Super Bowl Furor: Pete Townshend Defends Halftime Act Amid Child Porn Accusations
Guitarist for The Who maintains he belongs at Sunday's Super Bowl.
FORT LAUDERDALE, Fla., Feb. 4, 2010 -- The question followed several softballs tossed to British rocker Pete Townshend ahead of his performance this Sunday at the Super Bowl:
How does he feel about criticism of the NFL's choice of a former British sex offender as its halftime act?
Townshend, co-founder of The Who, seemed prepared for it. He barely skipped a beat when he answered that the criticism saddened him, largely because he's misunderstood.
"I feel like we're on the same side…. I've been working as an advocate and agent of this kind of area of research and fundraising for over 40 years."
He and the NFL have been skewered by groups like Protect Our Children and Child AbuseWatch, which have sent letters to the NFL saying, "Inviting Townshend to play is a blatant disregard to the values of American families and a slap in the face to victims of child sexual abuse."
The organizations distributed 1,500 leaflets describing Townshend as a sex offender.
In 2003, the 64-year-old rocker was reprimanded by British police and placed on the country's sex offenders' register for five years after he admitted that he paid to view images on a child-porn Web site in 1999.
According to Townshend, it was all in the name of research: in a 2003 statement, he said that while it was wrong for him to visit the site, he did so because he needed information for a campaign he was launching against Internet child porn and for his autobiography. (In the past, he has said he believes he was sexually abused as a child.)
Townshend insisted the criticism was misplaced. He said, "common sense vigilance is the most important thing, not vigilantism."
He added, "I have my own story that some of you know, and anybody that has any doubts about whether I should be here or not should investigate a little further. Everything you need to know, funnily enough, is on the Internet."

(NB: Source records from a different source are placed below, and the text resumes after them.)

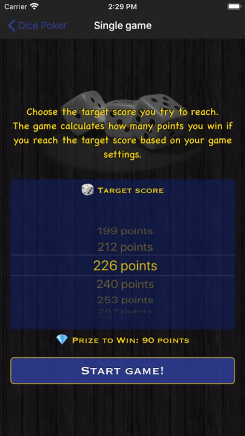- Single game: you can choose a target score to reach.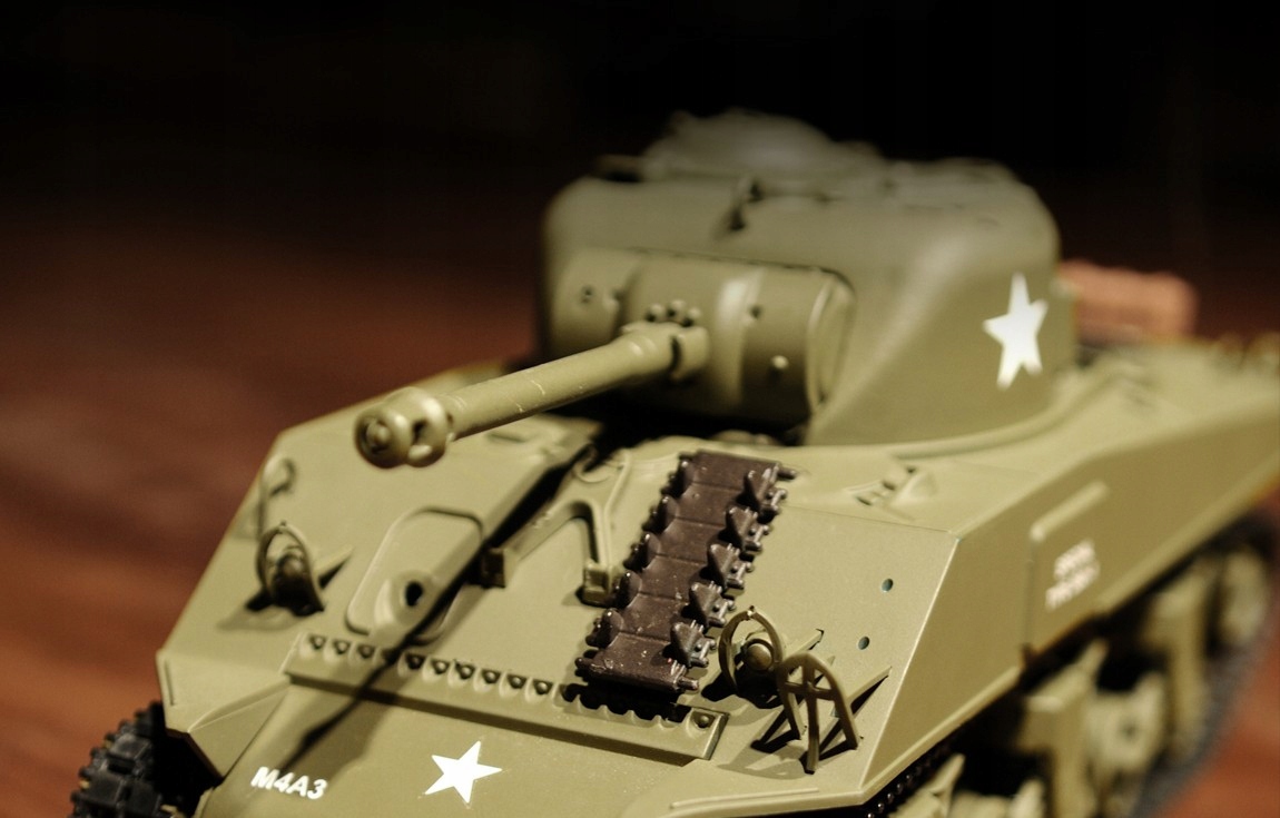 Дистанційно контрольована модель американського танка Шермана "Легка восьми" за шкалою 1:30, добре відомого виробника Хенга Лонга. Характеристики моделі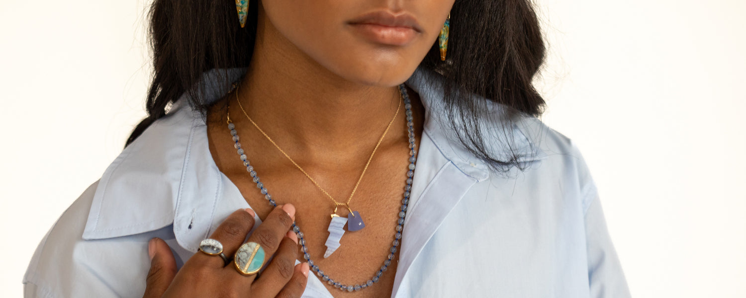 Inspired by the natural world’s unexpected color and texture, Karin Luvaas creates one-of-a-kind jewelry using handcut stones and refined lapidary techniques. Each piece reflects her deep appreciation for organic gemstones, thoughtful design, and the kind of craftsmanship that takes time. With a focus on color, shape, and simplicity, her work brings together raw beauty and modern elegance.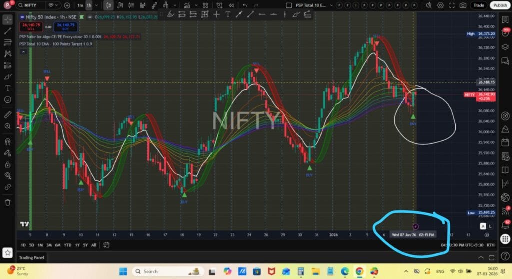 PSP ટોટલ 10 EmA સૂચકે પણ 1 કલાકના સમયમર્યાદા પર 2.15 મિનિટે નિફ્ટી પર ખરીદીનો સંકેત આપ્યો છે.

Moments before that comment, he and frontman Roger Daltry performed "Pinball Wizard," from the 1972 rock opera, "Tommy." The title character is sexually abused by his Uncle Ernie. Townshend and Daltry performed before a crowd of 500 journalists and NFL officials.
Townshend has struggled to distance himself from child pornography. In 2002, he wrote a report about child porn and posted it on his Web site. He compared the path to free "pedophilic imagery" to a "free line of cocaine at a decadent cocktail party: only the strong willed or terminally uncurious can resist." Townshend subsequently removed the report from his site; it still lives on TheSmokingGun.com.
Super Bowl Kerfuffle: Is Halftime Act by a Sex Offender?
After a four-month-long investigation in 2003, in which police examined more than a dozen computers Townshend used, officials decided neither motive served as a defense to access the images. As part of an official cautioning procedure, Townshend's fingerprints, photograph, and a DNA sample were taken and he was placed on Britain's sex offender registry for five years.
His listing on the registry expired in 2008. That was the same year Townshend and The Who were lauded by President George W. Bush at the Kennedy Center Honors. But for Kevin Gillick, president of Protect Our Children, Inc., a child protective charity in Brevard county, Fla., Townshend's penance and the NFL's endorsement aren't enough.
"The NFL shouldn't have picked him in the first place," Gillick told ABCNews.com. "The damage was done when they picked him. And apparently, they didn't even consider this."
Gillick dismissed Townshend's excuse for accessing child porn and questioned his motives.
"[Research] is one of the most common excuses given by people who visit kiddie porn sites," he said. "These sites are most often visited by people who have a sexual attraction to children, just like people who go to grocery stores most often do so to get food. And of course, he paid for this, so he supported the industry when he did that. When you pay for child porn, you place an order for its next victim. I'm sure Mr. Townshend is intelligent enough to understand that."
Gillick pointed out that even after Scotland Yard cautioned Townshend, the rocker got into further trouble. In 2006, Townshend published a story on his Web site called "The Comedian," which graphically described sex between a 16-year-old boy and girl. Townshend removed the story after children's charities in the U.K. expressed outrage, and apologized with a statement on his site: "I'm afraid I have had to end this Blog. I'm so sorry for those of you who were beginning to enjoy it, but it has upset certain people, and I sincerely do not wish to offend anyone."
Gillick's organization has distributed hundreds of flyers around Miami's Sun Life Stadium protesting Townshend's participation in the Super Bowl.
Protect Our Children joins another organization, Child AbuseWatch, in condemning the NFL for this year's choice of halftime performers. Child AbuseWatch president Evin Daly published an open letter to the NFL in early December, writing, "Inviting Townshend to play is a blatant disregard to the values of American families and a slap in the face to victims of child sexual abuse."
ABC News' Sheila Marikar contributed to this report.